I'm using gRPC with Python as client/server inside kubernetes pods... I would like to be able to launch multiple pods of the same type (gRPC servers) and let the client connect to them (randomly).
I dispatched 10 pods of the server and setup a 'service' to target them. Then, in the client, I connected to the DNS name of the service - meaning kubernetes should do the load-balancing and direct me to a random server pod. In reality, the client calls the gRPC functions (which works well) but when I look at the logs I see that all calls going to the same server pod.
I presume the client is doing some kind of DNS caching which leads to all calls being sent to the same server. Is this the case? Is there anyway to disable it and set the same stub client to make a "new" call and fetch a new ip by DNS with each call?
I am aware of the overhead I might cause if it will query the DNS server each time but distributing the load is much more important for me at the moment.
If you've created a vanilla Kubernetes service, the service should have its own load-balanced virtual IP (check if
kubectl get svc your-service
shows aCLUSTER-IP
for your service). If this is the case, DNS caching should not be an issue, because that single virtual IP should be splitting traffic among the actual backends.Try
kubectl get endpoints your-service
to confirm that your service actually knows about all of your backends.If you have a headless service, a DNS lookup will return an A record with 10 IPs (one for each of your Pods). If your client is always choosing the first IP in an A record, that would also explain the behavior you're seeing.
Let me take the opportunity to answer by describing how things are supposed to work.
The way client-side LB works in the gRPC C core (the foundation for all but the Java and Go flavors or gRPC) is as follows (the authoritative doc can be found here):
Client-side LB is kept simple and "dumb" on purpose. The way we've chosen to implement complex LB policies is through an external LB server (as described in the aforementioned doc). You aren't concerned with this scenario. Instead, you are simply creating a channel, which will use the (default) pick-first LB policy.

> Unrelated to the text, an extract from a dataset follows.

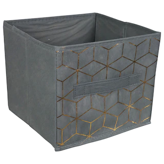 Assortment Details: 9x9x8-in. Essentials™ Geometric Collapsible Storage Containers with Handles assorted between gray or navy blue with gold geometric patterns on the front.
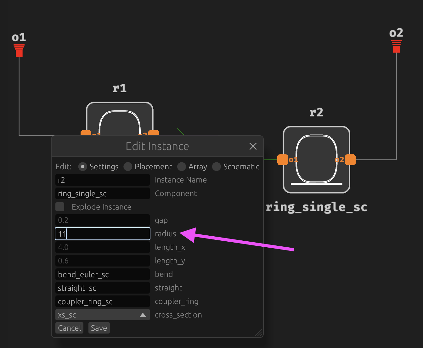 In the Schematic View tab, right click on r2 and select edit. Set the radius of r2 to 11 um, then press enter.

The input to an LB policy is a list of resolved addresses. When using DNS, if foo.com resolves to
[10.0.0.1, 10.0.0.2, 10.0.0.3, 10.0.0.4]
, the policy will try to establish a connection to all of them. The first one to successfully connect will become the chosen one until it disconnects. Thus the name "pick-first". A longer name could have been "pick first and stick with it for as long as possible", but that made for a very long file name :). If/when the picked one gets disconnected, the pick-first policy will move over to returning the next successfully connected address (internally referred to as a "connected subchannel"), if any. Once again, it'll continue to choose this connected subchannel for as long as it stays connected. If all of them fail, the call would fail.The problem here is that DNS resolution, being intrinsically pull based, is only triggered 1) at channel creation and 2) upon disconnection of the chosen connected subchannel.
As of right now, a hacky solution would be to create a new channel for every request (very inefficient, but it'd do the trick given your setup).

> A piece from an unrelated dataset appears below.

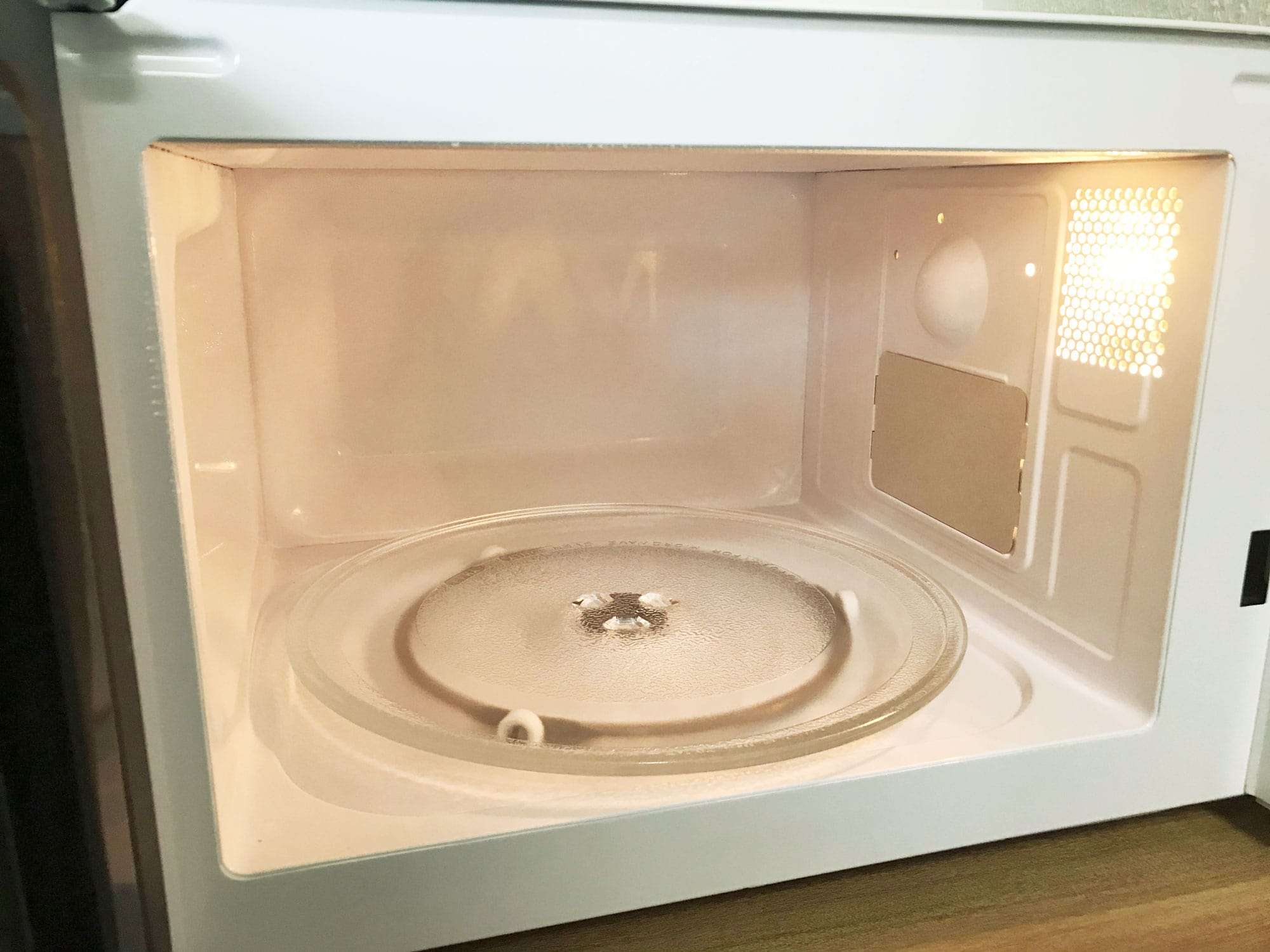요기가 바로 재정비한 팬트리 공간! 주문한 지 며칠 만에 배송이 되어서 받자마자 신나게 준비된 공간으로 넣어버렸다. 커튼도 그렇고 이 주변 공간이 다 흰색이라서 전자레인지도 흰색으로 골랐다.

Given changes coming in Q1 2017 (see https://github.com/grpc/grpc/issues/7818) will allow clients to choose a different LB policy, namely Round Robin. In addition, we may look into introducing a "randomize" bit to that client config, which would shuffle the addresses prior to doing Round-Robin over them, effectively achieving what you intend.

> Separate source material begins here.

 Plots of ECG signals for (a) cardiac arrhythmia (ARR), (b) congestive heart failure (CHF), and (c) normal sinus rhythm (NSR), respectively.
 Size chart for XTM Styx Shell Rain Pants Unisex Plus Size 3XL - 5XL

Usual K8S load balancing doesn't work for gRPC. The following link explains why. https://kubernetes.io/blog/2018/11/07/grpc-load-balancing-on-kubernetes-without-tears/
Most modern ingress controllers can handle this, but they are either hot of the oven (nginx), or in alpha version (traefik), or require the latest version of K8S (Linkerd). You can do client-side load balancing, of which you can find a Java solution here.